Kids of all ages can be prone to violent outbursts. Sometimes these violent outbursts get out of control. When your child screams, hits, bites, or kicks it can leave you feeling overwhelmed and discouraged. Your tendency, when this happens, might be to rise up and meet their energy with your own big energy in order to make your child’s violent outburst stop. And, to be quite honest, it must stop for the family to be a safe place for everyone.
The problem is that efforts to “Stop it now!” usually have one of two outcomes:
- It can escalate the whole situation to rage-filled chaos.
- If you “succeed,” you may sweep the confusion, rage, shame, or exasperation “under the rug” only to have it rear its head again the next time the pressure is on.
Note: If your kids are already violent, to the degree that they regularly break things or harm themselves or others, you may need additional help. In addition to reading this post for practical ideas to get you started, we would recommend you seek professional help from a Christian Therapist.
When we coach parents, we frequently hear, “What should I do when my child has a violent outburst?” Read on to learn more about why kids have these outbursts, what to do in the moment, and how we, as parents, can be proactive in stopping outbursts before they begin.
Why do kids have violent outbursts?
Kids can get violent sometimes. Scary violent. Maybe throw things. Or hit, scratch, or even bite their siblings and parents. It’s tempting to think you’re “raising a monster” and be filled with fear. But fear not. It can be normal for kids’ rage to spiral out of control. Through our years of experience, we’ve learned a process that can help rage-filled children learn to manage their emotions and make more constructive choices.
Today’s publicized violence makes it extra difficult for parents to help their kids learn to navigate life’s tensions and turmoil wisely. There is violence on TV and in video games. In recent years it seems the normal response to conflict on social media is some form of violence.

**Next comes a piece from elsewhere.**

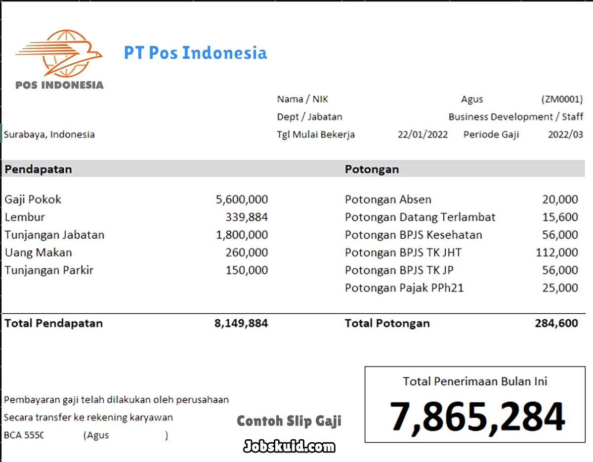 Gambar di atas adalah contoh slip gaji PT Pos Indonesia. Slip gaji tersebut memuat informasi seperti gaji pokok, gaji lembur, bonus, tunjangan, potongan, dan total gaji.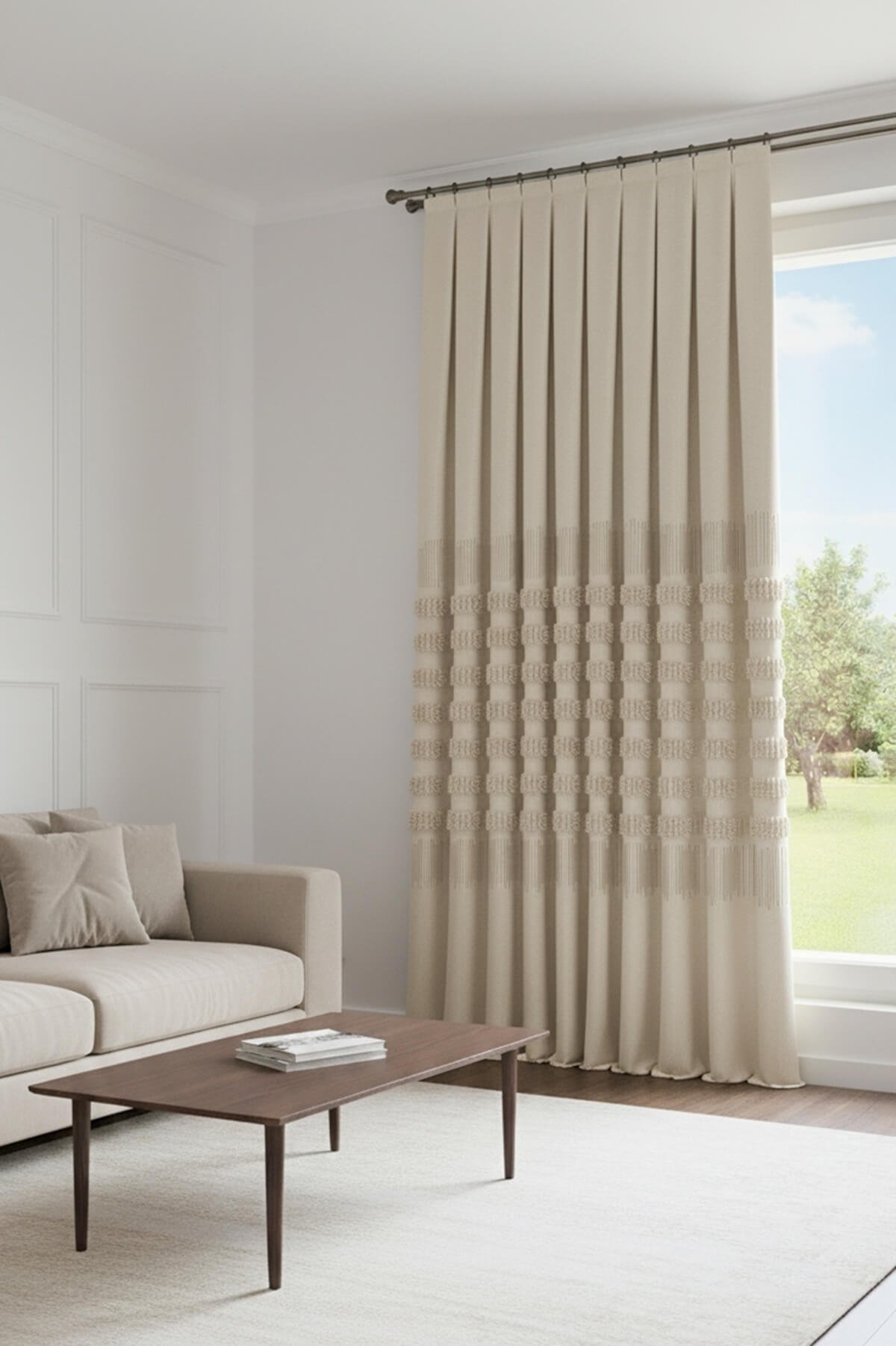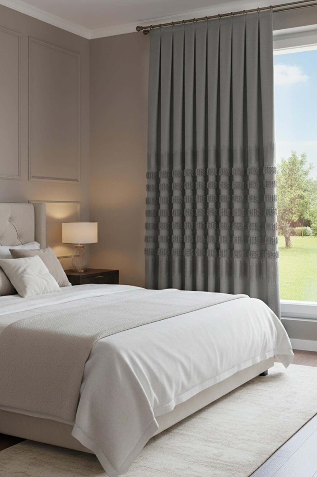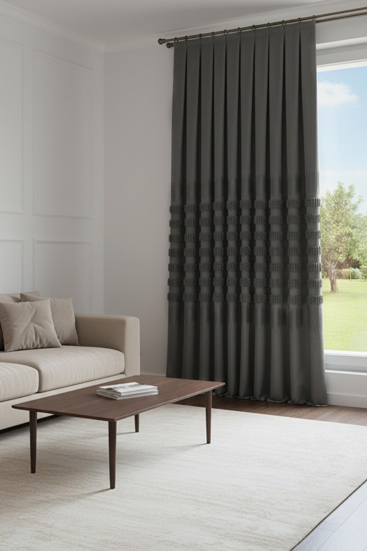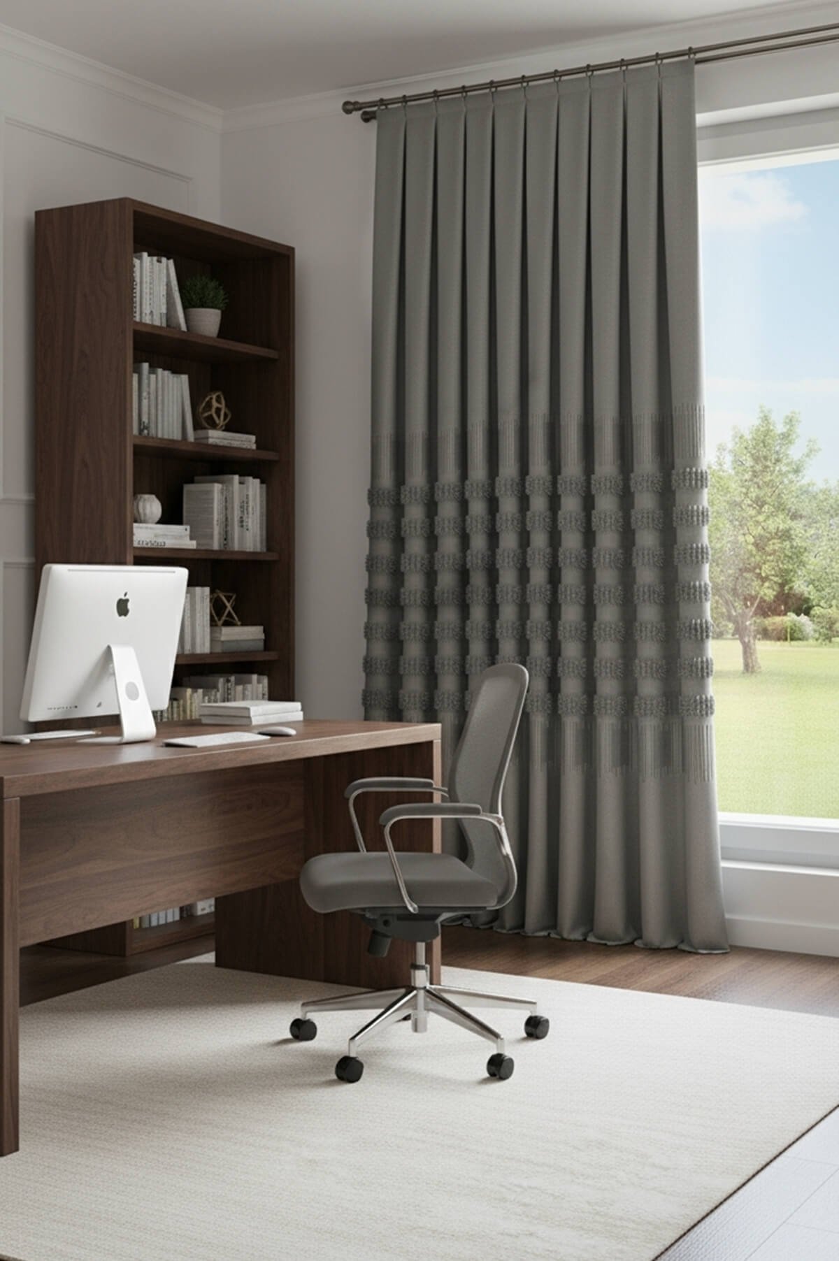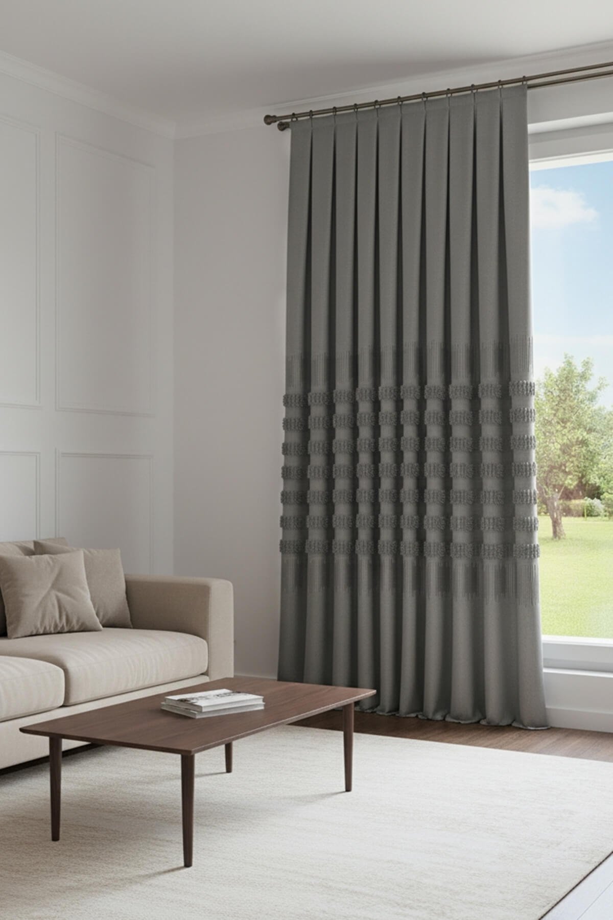 Şıklığın en sade hali: Gri Fon Perde. Minimalist ve modern çizgileri sevenler için ideal bir tercih olan bu perde, özel püsküllü deseniyle sadeliği bozmadan zenginlik katar. Nötr rengi sayesinde her türlü mobilya ve dekorasyon stiliyle kolayca uyum sağlar. Salonunuzdan yatak odanıza kadar her alanda kullanabileceğiniz bu eşsiz perde ile modern bir stil yaratın.

It’s no surprise that in this hyper-violent environment, kids are more anxious than ever. Because of that underlying anxiety, more of them are acting out violently.
The truth is: every explosive outburst is generated by a mix of anger, anxiety, and feeling misunderstood or invalidated.
But take heart in another truth: God is every bit as present during these outbursts as at Sunday School. King David may have said it best: “When my heart was grieved, and my spirit embittered, I was senseless and ignorant; I was a brute beast before you. Yet I am always with you; you hold me by my right hand.
Limited ability to communicate or understand
During the moment when kids are experiencing these big emotions, they have a limited ability to communicate or understand anything at all, much less a sense of God’s presence. And you know what? The same is true of parents! This combination creates a volatile time bomb that compels both kids and grownups alike to do pretty drastic things to be heard.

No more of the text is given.